09) Red and Yellow: Interiors

In the Codex Mendoza, the hieroglyph for hill or mountain [tepe(tl)] typically has a bell shape, colored with two tones of green. At the bottom of the bell shape appear two horizontal lines, yellow and red. The meaning and color choices are currently under investigation, but they appear to suggest an entry point to the interior of the mountain and a point of emergence from the underworld and thus a passage point.

These same colors are sometimes used to line the water channel or canal [apan(tli)]. These lines might be meant to separate the earth from the water. They also line the opening of the Earth Monster's mouth, which doubles as the entrance to a cave [ozto(tl)], or once again, an access point to an earthly interior (or underworld). The earth monster's head also has the curly edges linked to the iconography of stone [te(tl)]. Even the umbilical or navel [xic(tli), right] has the curly rocky outcroppings, providing another link between human insides and earthly ones.

Nahua tlacuilos also represented roots of plants in a special way in their glyphs and in iconography, in general. Roots are shown as though above ground, but they are typically painted red, perhaps because they were normally underground, seeking nourishment and water. One can find red roots on flowers, maize plants, agave plants, cacti, and innumerable trees. Trees can also have bloody interiors, as seen on the tree of Tamoanchan in the Codex Telleriano-Rememsis, folio 19 recto, which is broken in the middle of its trunk. The severed edges have a red line and a yellow scalloped edte. From this yellow region, red blood spurts out, with green droplets (or jade beads) at its tips.

Red and yellow color choices echo in the access points to the interior of the human body, which we can find, for instance, in the umbilical/navel hieroglyph [xic(tli)] and in the hieroglyphs of at least two shoulders [acol(li)] where the arm has been cut and there is a protruding bone. Molly Bassett (personal communication, October 2022) directed me to look at the dismembered Coyolxauhqui carved in stone, which is now imagined as it might have been in its original polychrone. There, the severed body parts have red and yellows linings along the jagged, severed edges.

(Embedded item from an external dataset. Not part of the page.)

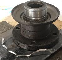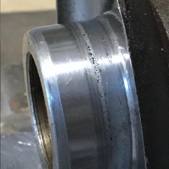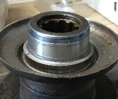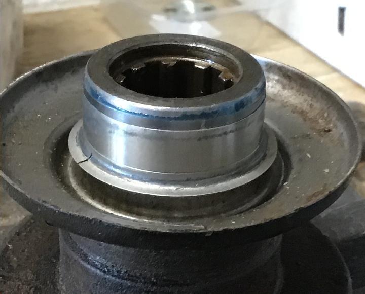 The first picture shows the input flange and pitted seal surface with close-up in the second picture. Speedi-sleeve 99150 is the remedy along with a new 88G320 oil seal.

Water emerges from the top of the arm at the site of the shoulder in one case of the glyphs of the Codex Mendoza. The same can be seen in one of the Tetzcoco glyphs. Some acolli have no color at the top by the protruding bone, and some have only a yellow edge. But when water emerges from the shoulder both the red and yellow lines are there. Thus, the red and yellow colors may have not only indicated access to interiors, whether of the earth or the human body, but also places where emergence from interiors could take place, such as when humans emerged from caves to live off the land or babies were born from their mothers' bodies. The bell shape of the tepetl and the oztotl (on its side) has been associated with the human womb. Book 6 of the Florentine Codex quotes women as saying that "in us is a cave, a gorge." {See Alan R. Sandstrom's contribution to In the Maw of the Earth Monster (2005), 35.]

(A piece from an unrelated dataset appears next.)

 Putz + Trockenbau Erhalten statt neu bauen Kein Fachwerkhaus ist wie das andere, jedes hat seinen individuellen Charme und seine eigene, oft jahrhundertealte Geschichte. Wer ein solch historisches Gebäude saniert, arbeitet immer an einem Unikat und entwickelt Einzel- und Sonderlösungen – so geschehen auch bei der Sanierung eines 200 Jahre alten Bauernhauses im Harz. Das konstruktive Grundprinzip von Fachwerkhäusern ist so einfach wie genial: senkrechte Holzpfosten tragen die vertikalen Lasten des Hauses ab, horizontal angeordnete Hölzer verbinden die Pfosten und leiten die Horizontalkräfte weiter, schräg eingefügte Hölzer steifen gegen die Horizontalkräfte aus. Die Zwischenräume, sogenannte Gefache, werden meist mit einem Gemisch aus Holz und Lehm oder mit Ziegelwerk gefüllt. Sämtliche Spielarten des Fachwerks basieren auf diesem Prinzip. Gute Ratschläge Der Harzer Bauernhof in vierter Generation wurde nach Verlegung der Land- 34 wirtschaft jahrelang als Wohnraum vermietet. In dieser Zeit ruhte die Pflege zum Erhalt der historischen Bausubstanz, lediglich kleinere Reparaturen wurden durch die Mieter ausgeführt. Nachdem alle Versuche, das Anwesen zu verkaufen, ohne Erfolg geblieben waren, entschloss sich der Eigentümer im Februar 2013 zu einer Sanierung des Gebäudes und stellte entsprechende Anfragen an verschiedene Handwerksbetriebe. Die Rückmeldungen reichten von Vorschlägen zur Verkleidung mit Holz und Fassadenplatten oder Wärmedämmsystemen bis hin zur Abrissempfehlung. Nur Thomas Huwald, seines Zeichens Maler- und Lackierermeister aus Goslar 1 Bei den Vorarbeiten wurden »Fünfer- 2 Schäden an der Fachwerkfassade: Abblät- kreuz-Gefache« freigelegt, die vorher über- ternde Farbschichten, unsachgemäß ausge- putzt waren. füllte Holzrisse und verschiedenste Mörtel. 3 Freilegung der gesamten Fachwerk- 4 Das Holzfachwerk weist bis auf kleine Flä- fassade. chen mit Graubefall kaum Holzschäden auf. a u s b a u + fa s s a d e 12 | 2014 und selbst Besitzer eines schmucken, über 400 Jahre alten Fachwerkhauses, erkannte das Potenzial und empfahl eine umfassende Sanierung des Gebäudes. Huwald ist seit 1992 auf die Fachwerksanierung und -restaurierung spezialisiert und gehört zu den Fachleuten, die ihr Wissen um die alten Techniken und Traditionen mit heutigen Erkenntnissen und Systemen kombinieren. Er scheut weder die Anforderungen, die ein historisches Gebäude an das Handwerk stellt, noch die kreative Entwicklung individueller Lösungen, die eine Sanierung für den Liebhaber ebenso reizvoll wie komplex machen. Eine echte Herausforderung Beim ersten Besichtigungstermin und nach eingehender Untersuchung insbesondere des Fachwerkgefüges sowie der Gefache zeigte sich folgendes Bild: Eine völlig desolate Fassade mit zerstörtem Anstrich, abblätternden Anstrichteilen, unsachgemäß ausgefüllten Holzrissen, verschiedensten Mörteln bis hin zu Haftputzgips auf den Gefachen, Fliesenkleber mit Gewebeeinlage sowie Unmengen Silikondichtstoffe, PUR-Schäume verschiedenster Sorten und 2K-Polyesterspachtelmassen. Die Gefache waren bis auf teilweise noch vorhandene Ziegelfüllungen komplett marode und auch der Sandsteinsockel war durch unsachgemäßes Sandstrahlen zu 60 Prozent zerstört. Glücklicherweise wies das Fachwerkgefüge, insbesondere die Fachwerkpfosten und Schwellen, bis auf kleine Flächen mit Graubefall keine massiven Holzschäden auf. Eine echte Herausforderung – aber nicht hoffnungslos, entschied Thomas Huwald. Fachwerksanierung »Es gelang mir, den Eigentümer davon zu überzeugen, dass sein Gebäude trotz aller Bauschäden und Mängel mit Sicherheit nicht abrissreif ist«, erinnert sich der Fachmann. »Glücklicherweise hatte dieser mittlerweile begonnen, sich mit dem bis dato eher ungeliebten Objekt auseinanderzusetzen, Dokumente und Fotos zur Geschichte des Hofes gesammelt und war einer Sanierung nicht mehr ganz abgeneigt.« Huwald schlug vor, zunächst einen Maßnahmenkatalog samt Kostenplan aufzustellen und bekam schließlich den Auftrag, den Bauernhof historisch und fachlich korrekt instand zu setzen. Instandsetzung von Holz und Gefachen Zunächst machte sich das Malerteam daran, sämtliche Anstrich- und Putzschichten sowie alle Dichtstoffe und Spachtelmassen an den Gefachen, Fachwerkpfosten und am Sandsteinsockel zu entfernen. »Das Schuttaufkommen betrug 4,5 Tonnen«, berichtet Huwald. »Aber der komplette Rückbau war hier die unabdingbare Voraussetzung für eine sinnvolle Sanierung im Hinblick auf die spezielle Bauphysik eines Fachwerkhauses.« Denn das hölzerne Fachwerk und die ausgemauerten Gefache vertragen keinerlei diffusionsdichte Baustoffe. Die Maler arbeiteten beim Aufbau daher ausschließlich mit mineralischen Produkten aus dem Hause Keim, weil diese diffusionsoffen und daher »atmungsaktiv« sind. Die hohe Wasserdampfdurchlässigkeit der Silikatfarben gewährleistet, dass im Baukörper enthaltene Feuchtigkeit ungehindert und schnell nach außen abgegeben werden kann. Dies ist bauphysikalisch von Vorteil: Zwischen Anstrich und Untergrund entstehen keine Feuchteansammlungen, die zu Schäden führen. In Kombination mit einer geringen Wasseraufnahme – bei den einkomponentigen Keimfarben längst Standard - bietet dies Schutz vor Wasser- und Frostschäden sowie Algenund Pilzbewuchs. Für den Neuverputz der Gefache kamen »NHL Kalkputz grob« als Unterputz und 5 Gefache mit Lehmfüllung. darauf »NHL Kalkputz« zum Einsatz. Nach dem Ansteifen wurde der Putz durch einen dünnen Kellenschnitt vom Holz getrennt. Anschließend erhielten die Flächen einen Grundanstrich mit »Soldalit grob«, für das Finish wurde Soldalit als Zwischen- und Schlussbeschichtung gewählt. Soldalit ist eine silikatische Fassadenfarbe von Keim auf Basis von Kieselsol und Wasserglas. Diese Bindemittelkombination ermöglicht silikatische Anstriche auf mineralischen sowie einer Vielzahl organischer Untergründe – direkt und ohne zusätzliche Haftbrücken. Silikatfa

Treasured liquids associated with life—such as water and blood—may come into play in accessing both earthly and human interiors. Philip Arnold ("Paper Ties to Land," History of Religions, 35:1, 1995), 37–38) interprets water to have been the Nahua equivalent of blood of the earth. In the glyph for Chapultepec in the Aubin Codex (fol. 19), water emerges from the red and yellow horizontal lines at the base of the hill. Another compound hieroglyph that supports the red and yellow lines of the tepetl as an access point for earthly waters is Ixicayan, a leaky place. In this visual, water drips from the red and yellow lines at the base of the tepetl, something like blood from a cut in a human body, or menstrual fluids from a woman's labia.

Blood, of course, was very important in Aztec culture. Book 10 of the Florentine Codex includes the phrase, "tonenca in eztli," translated by Anderson and Dibble as "our life [is] blood," as can be found in our dictionary entry for eztli. Obviously, interiors of bodies provided access to blood, and mountains were associated with life-giving spring water.

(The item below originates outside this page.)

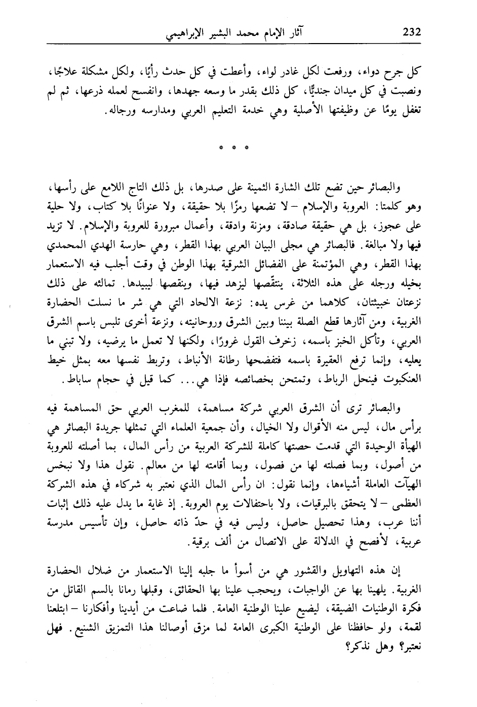 والبصائر ترى أن الشرق العربي شركة مساهمة، للمغرب العربي حق المساهمة فيه برأس مال، ليس منه الأقوال ولا الخيال، وأن جمعية العلماء التي تمثلها جريدة البصائر هي الهيأة الوحيدة التي قدمت حصتها كاملة للشركة العربية من رأس المال، بما أصلته للعروبة من أصول، وبما فصلته لها من فصول، وبما أقامته لها من معالم. نقول هذا ولا نبخس الهيآت العاملة أشياءها، وإنما نقول: ان رأس المال الذي نعتبر به شركاء في هذه الشركة العظمى- لا يتحقق بالبرقيات، ولا باحتفالات يوم العروبة. إذ غاية ما يدل عليه ذلك إثبات أننا عرب، وهذا تحصيل حاصل، وليس فيه في حدّ ذاته حاصل، وإن تأسيس مدرسة عربية، لأفصح في الدلالة على الاتصال من ألف برقية.

Another measure of support for red and yellow human interiors are the internal organs of the human body, such as the heart [yollo(tl)] and the liver [el(li) or, for example, teltapach, eltapach, or elli], which were also painted red and yellow. When viewing a surgical operation, one can see that fats can be yellow and tissue and organs can be red, which may explain the choice of colors for these passages from and toward interiors.

Looking ahead, it may be worth tracking animal interiors for this red and yellow combination. Snakes tongues, which are normally inside the mouth, even though glyph artists usually show them protruding, can be just red (as is the case of the serpent in the Codex Mendoza from folios 5 verso, 7 verso, 32 recto, 34 recto, and 50 recto), or they can be red closest to the mouth and yellow at the bifurcated extremities. For the latter, see our entries for coatl from the Codex Mendoza from folios 17 verso, 20 verso, and 23 recto. (Draft, SW.)